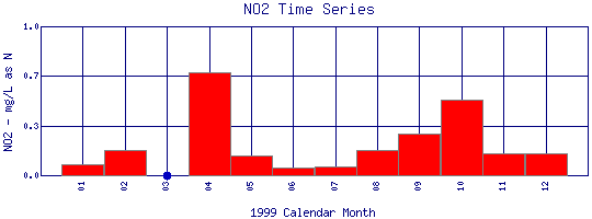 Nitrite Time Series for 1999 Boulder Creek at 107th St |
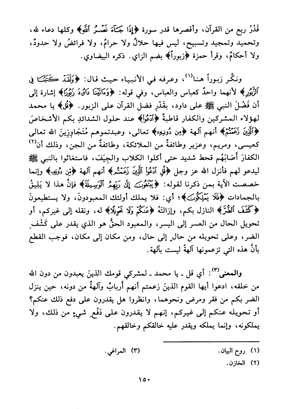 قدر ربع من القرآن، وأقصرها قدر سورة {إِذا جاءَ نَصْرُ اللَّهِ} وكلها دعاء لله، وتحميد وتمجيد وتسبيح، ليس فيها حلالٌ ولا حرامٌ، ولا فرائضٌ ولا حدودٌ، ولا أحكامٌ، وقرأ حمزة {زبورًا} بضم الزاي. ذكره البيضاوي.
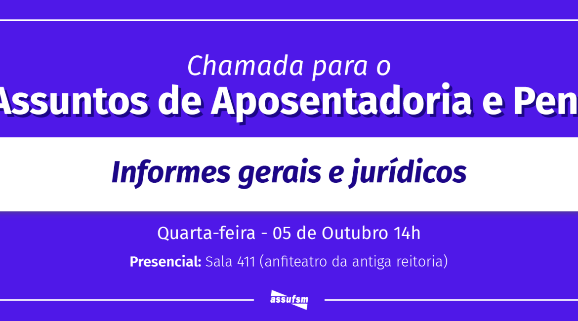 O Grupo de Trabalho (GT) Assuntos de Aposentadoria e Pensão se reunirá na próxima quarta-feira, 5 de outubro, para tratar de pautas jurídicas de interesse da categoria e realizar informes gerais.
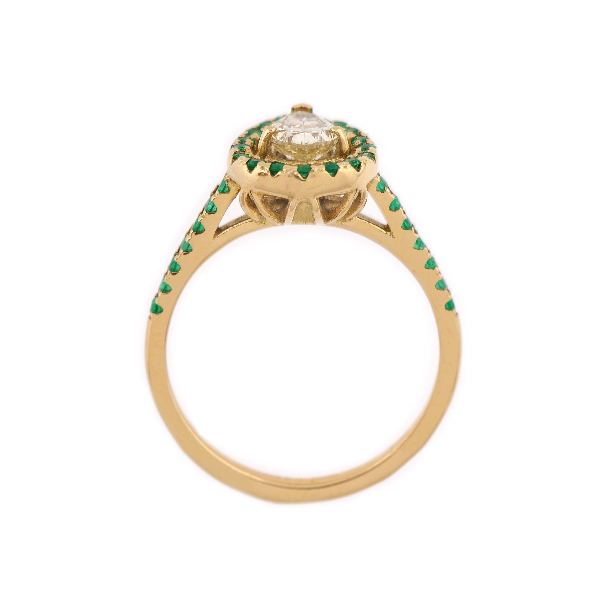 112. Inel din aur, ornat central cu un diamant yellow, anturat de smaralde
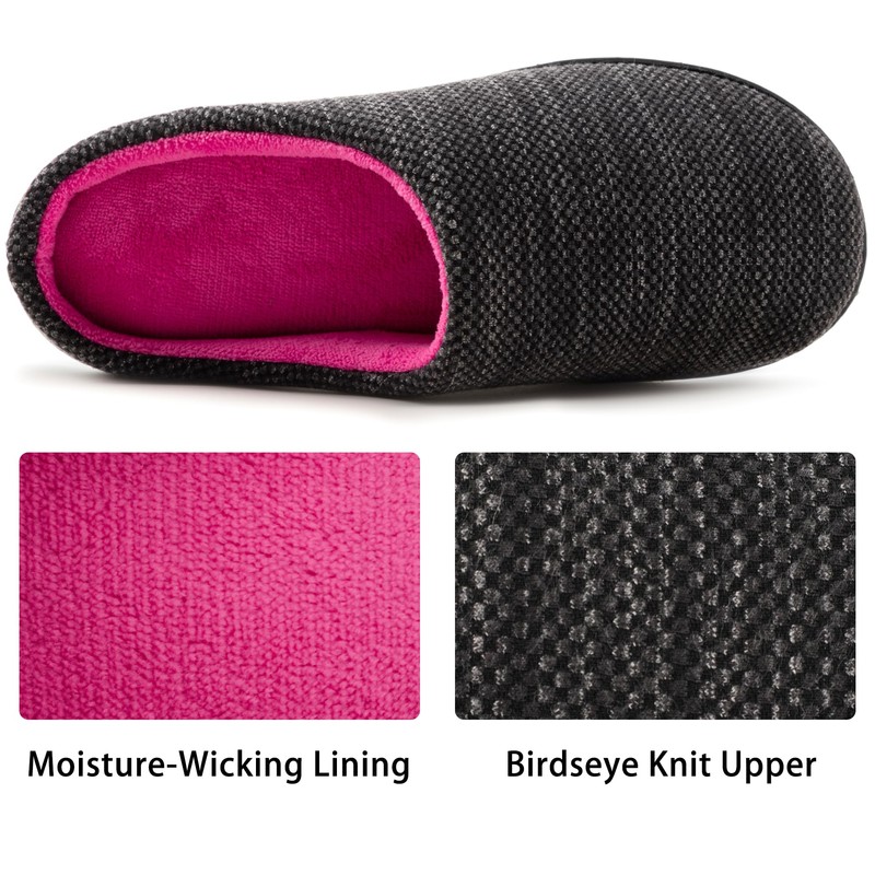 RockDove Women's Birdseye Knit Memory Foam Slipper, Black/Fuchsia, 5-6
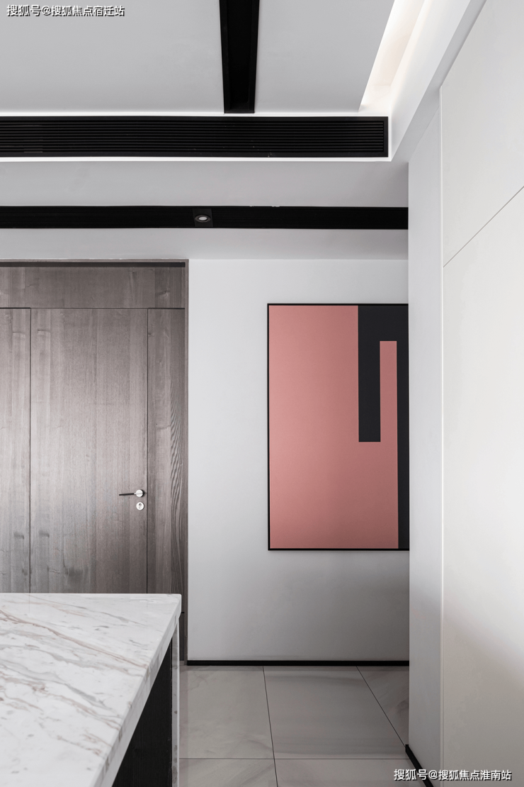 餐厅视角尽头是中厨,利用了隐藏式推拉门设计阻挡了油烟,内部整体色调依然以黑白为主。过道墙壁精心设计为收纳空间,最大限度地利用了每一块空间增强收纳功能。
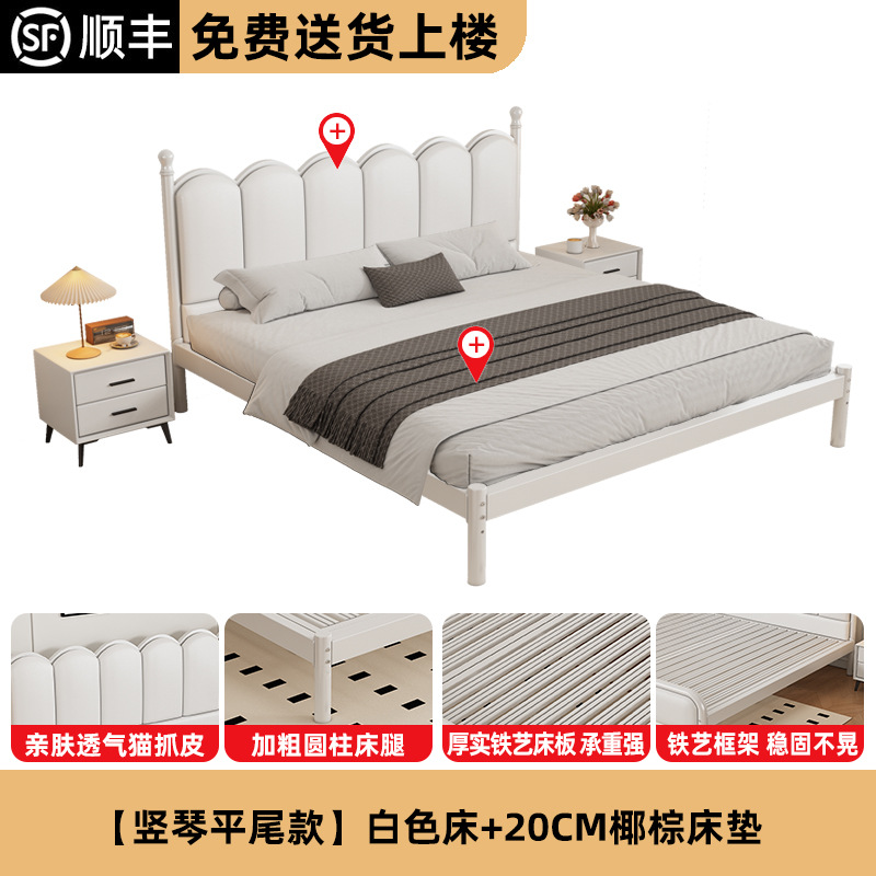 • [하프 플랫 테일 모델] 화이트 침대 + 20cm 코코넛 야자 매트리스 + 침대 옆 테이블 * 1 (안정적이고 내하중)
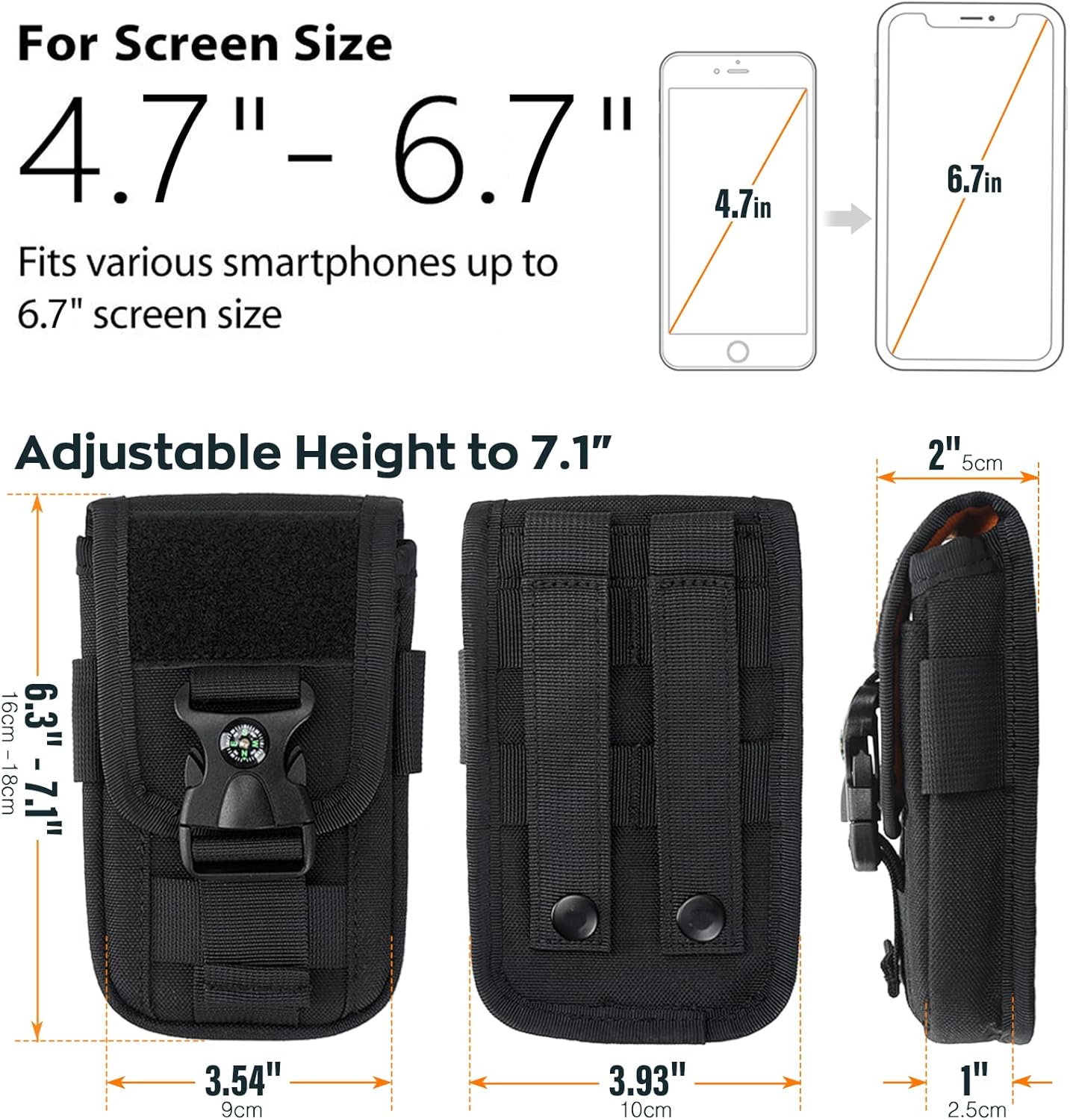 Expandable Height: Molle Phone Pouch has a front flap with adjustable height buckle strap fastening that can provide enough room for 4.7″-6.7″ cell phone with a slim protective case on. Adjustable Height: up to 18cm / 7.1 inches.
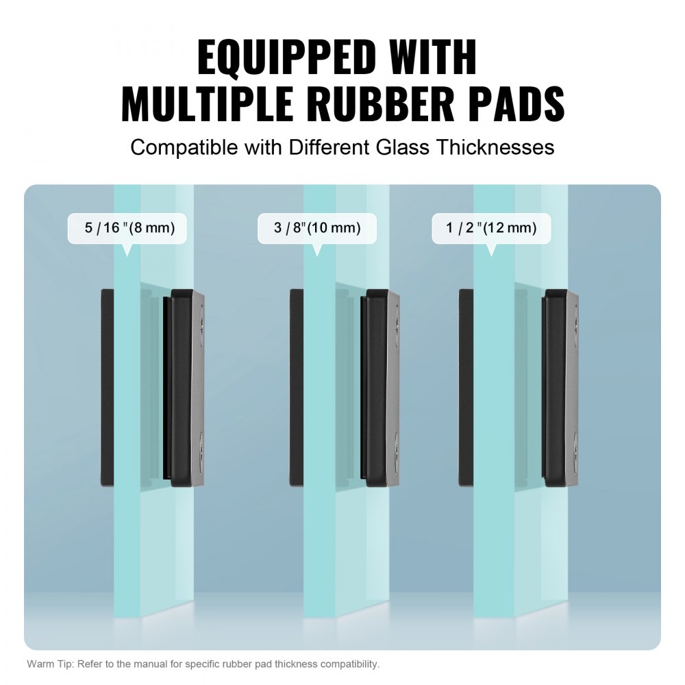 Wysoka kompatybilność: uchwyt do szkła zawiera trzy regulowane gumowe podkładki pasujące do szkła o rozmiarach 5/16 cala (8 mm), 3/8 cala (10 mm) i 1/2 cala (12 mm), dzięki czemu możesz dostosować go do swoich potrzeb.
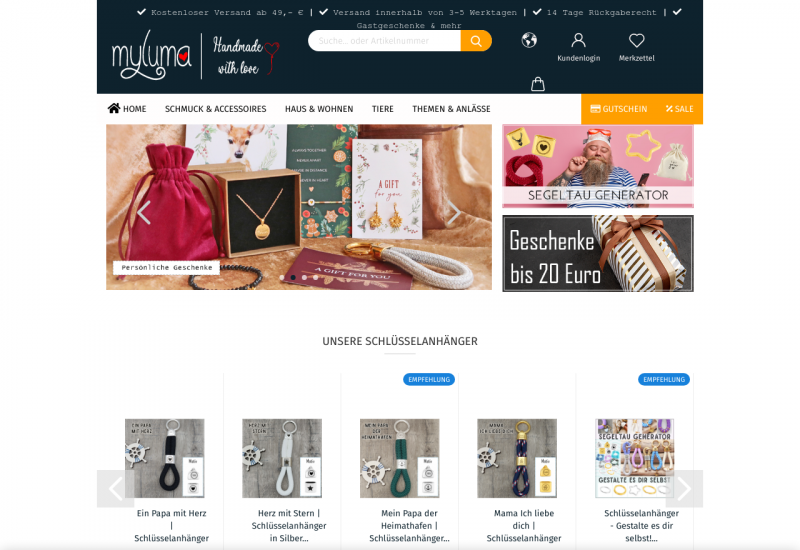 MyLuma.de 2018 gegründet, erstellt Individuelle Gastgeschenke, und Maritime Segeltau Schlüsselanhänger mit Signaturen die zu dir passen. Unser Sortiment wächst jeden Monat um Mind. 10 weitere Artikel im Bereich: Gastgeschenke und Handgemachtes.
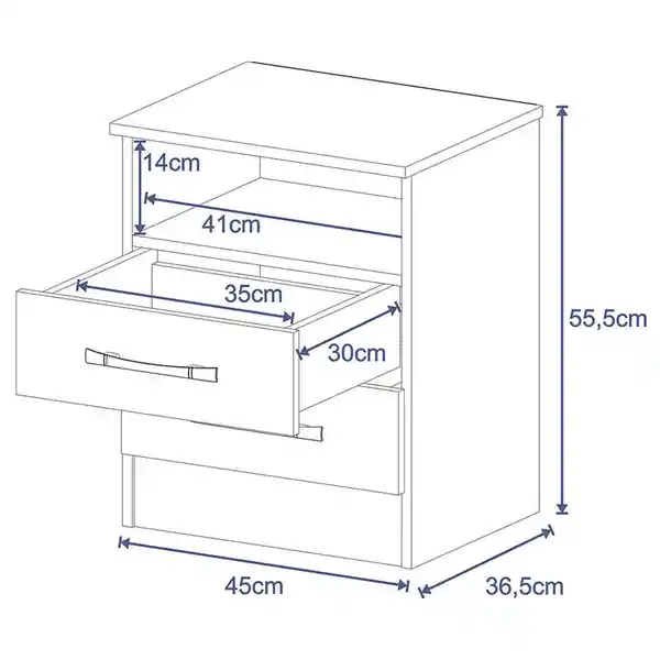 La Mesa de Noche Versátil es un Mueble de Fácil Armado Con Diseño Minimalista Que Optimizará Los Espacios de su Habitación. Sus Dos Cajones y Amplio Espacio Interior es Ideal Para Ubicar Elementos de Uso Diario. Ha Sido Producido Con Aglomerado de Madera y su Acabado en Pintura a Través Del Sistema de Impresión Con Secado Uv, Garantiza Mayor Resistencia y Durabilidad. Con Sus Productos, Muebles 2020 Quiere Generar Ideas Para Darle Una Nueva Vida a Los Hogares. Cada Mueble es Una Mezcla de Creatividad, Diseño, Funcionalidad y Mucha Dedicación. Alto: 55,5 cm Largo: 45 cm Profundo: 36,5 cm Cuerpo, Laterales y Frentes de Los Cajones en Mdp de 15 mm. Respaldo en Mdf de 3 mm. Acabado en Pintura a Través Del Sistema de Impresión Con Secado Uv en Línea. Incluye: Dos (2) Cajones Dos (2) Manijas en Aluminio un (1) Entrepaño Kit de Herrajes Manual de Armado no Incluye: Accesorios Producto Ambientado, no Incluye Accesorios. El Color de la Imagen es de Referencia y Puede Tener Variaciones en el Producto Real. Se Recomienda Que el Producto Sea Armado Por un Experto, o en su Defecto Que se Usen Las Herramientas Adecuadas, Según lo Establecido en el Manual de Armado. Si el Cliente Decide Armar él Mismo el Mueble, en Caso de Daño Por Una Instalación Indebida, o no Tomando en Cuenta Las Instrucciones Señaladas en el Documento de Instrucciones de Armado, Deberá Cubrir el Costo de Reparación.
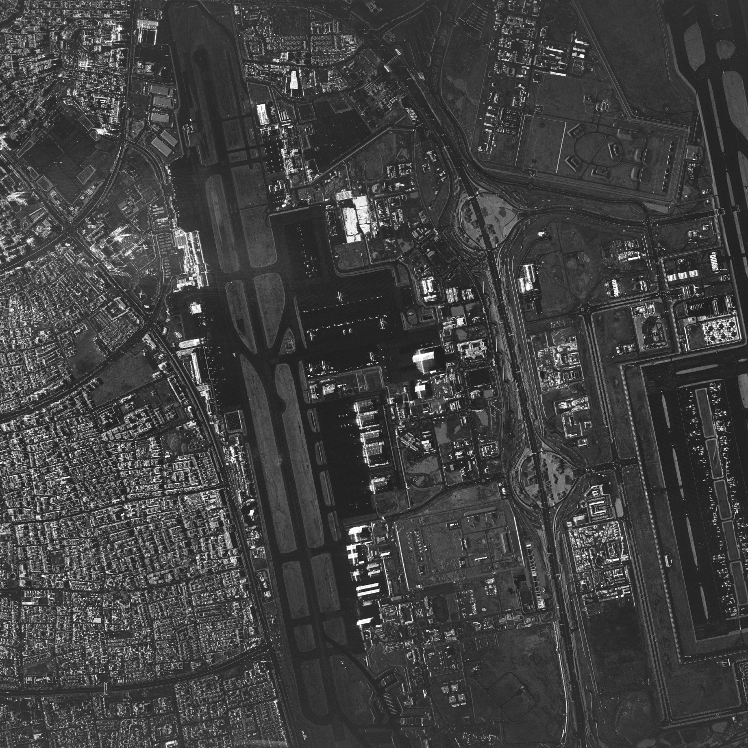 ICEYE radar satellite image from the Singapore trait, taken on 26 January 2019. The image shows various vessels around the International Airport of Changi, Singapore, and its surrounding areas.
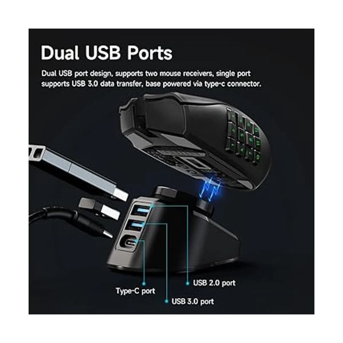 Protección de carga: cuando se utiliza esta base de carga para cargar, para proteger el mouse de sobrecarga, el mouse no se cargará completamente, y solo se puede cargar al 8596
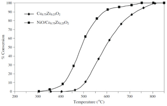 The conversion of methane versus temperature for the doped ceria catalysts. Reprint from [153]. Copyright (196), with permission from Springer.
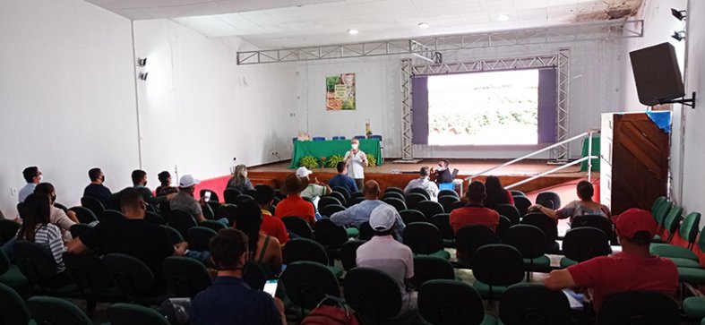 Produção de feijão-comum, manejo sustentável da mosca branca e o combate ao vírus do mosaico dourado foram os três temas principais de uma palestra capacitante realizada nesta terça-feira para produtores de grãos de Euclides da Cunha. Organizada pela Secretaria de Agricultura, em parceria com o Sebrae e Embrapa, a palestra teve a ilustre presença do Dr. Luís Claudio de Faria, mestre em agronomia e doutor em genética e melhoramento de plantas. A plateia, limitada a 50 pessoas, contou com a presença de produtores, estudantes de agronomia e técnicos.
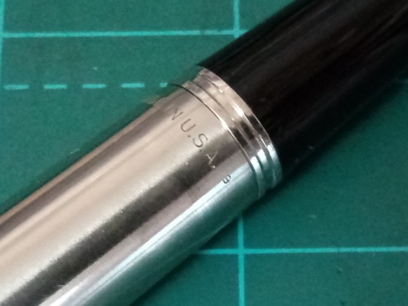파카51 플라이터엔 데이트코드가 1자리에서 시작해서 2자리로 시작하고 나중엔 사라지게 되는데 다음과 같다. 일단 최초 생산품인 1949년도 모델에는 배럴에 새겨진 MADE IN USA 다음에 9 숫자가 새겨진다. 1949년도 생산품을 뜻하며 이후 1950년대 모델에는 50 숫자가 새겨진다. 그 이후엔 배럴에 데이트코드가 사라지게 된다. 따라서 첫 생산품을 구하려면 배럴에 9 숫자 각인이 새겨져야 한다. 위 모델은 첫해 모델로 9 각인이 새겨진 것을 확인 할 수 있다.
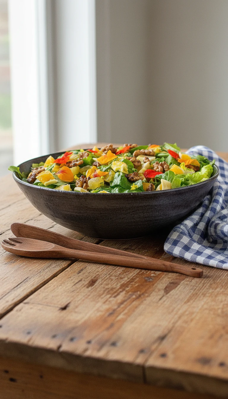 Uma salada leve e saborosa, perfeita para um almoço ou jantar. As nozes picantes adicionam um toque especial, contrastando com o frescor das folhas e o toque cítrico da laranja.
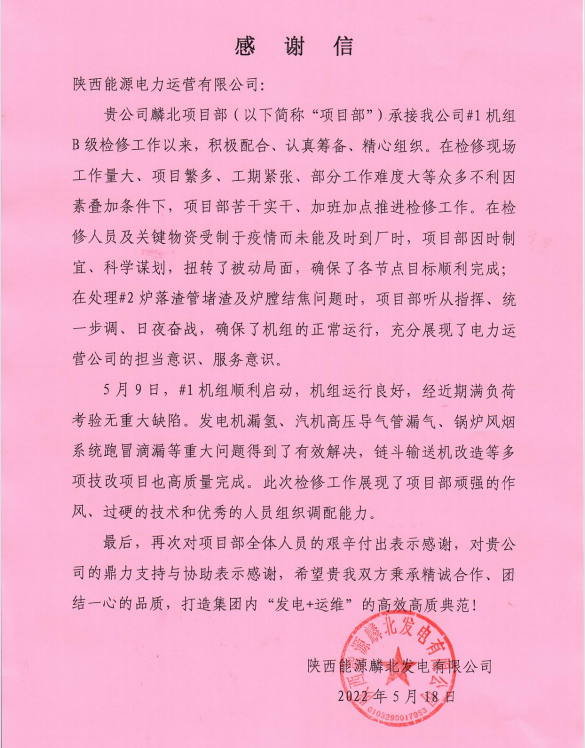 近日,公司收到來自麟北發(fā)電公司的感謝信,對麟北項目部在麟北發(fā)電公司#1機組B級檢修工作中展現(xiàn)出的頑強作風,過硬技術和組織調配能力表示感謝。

Task item: What is needed is an exact restatement of every line from the line containing "파카51 플라이터엔 데이트코드가" through the last line of the records, minus any pictures.

Exercise answer:
파카51 플라이터엔 데이트코드가 1자리에서 시작해서 2자리로 시작하고 나중엔 사라지게 되는데 다음과 같다. 일단 최초 생산품인 1949년도 모델에는 배럴에 새겨진 MADE IN USA 다음에 9 숫자가 새겨진다. 1949년도 생산품을 뜻하며 이후 1950년대 모델에는 50 숫자가 새겨진다. 그 이후엔 배럴에 데이트코드가 사라지게 된다. 따라서 첫 생산품을 구하려면 배럴에 9 숫자 각인이 새겨져야 한다. 위 모델은 첫해 모델로 9 각인이 새겨진 것을 확인 할 수 있다.
 Uma salada leve e saborosa, perfeita para um almoço ou jantar. As nozes picantes adicionam um toque especial, contrastando com o frescor das folhas e o toque cítrico da laranja.
 近日,公司收到來自麟北發(fā)電公司的感謝信,對麟北項目部在麟北發(fā)電公司#1機組B級檢修工作中展現(xiàn)出的頑強作風,過硬技術和組織調配能力表示感謝。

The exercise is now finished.